Psychiatric nursing has changed significantly since I wrote a similar article almost 10 years ago. Community psychiatric nurses now focus their attentions almost entirely on people with serious and enduring mental illnesses and undertake case management roles in community teams. Many nurses have now been trained in the use of psychosocial interventions and there have been particular advances in the training of nurses in medication management. In turn, prescribing by nurses has become a reality and this role will expand rapidly over the next few years.
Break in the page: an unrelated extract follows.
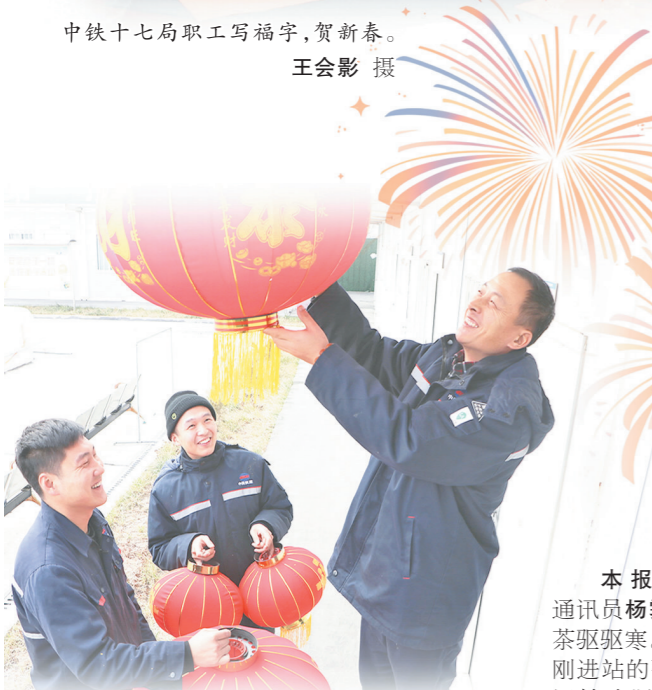
中铁十七局职工写福字，贺新春。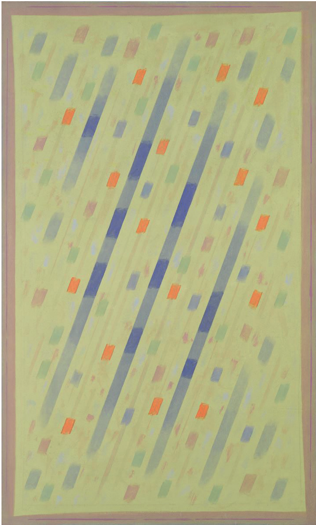
Trace #20 - 1976 Acrylique sur toile - 162.5 x 97 cm

Unfortunately, the potential for nurses to deliver cognitive–behavioural therapy to those with common mental disorders has not been realised and it is unlikely that this situation will change. Psychiatric nursing roles have increased in the forensic system and nurses are now working with people with dangerous and severe personality disorders and within prison healthcare. The education and training of nurses has undergone a fundamental shift and nurses of the future are likely to be graduates. Here I discuss the implications of these changes.

In 1996, APT published an article with much the same title and by the same author. The article, which I wrote during 1995, examined the key issues concerning psychiatric nursing (Gournay, 1996). The article began by describing the rationale for returning the focus of nursing to serious mental illness, citing the problems associated with the interventions of community psychiatric nurses (CPNs),1 during the 1980s and early 1990s, working with people with common mental disorders in primary care. I argued that, in order to be effective, nurses needed to acquire clinical skills in the management of people with schizophrenia and other serious and enduring illnesses. In particular, I argued that, unless nurses received appropriate training in these clinical skills, merely shifting the focus of their work from institutions to the community, and the patient focus from those with common mental disorders to those with schizophrenia, would prove inadequate. I also advanced the argument that the problems of people with dual diagnosis, i.e. substance misuse and serious mental illness, needed particular attention. I drew attention to the neglected nursing roles of physical healthcare and medication management, and set out a range of areas in which education and training could be improved. The training priorities included the expansion of the Thorn Programme for training nurses in psychosocial interventions, and the continuing need to train a relatively smaller number of nurses in cognitive–behavioural therapy for common mental disorders. I concluded the article by arguing for a strengthening of evidence-based approaches to nurse education and suggesting the development of research in psychiatric nursing within the context of multidisciplinary investigations using randomised controlled trials and economic analyses.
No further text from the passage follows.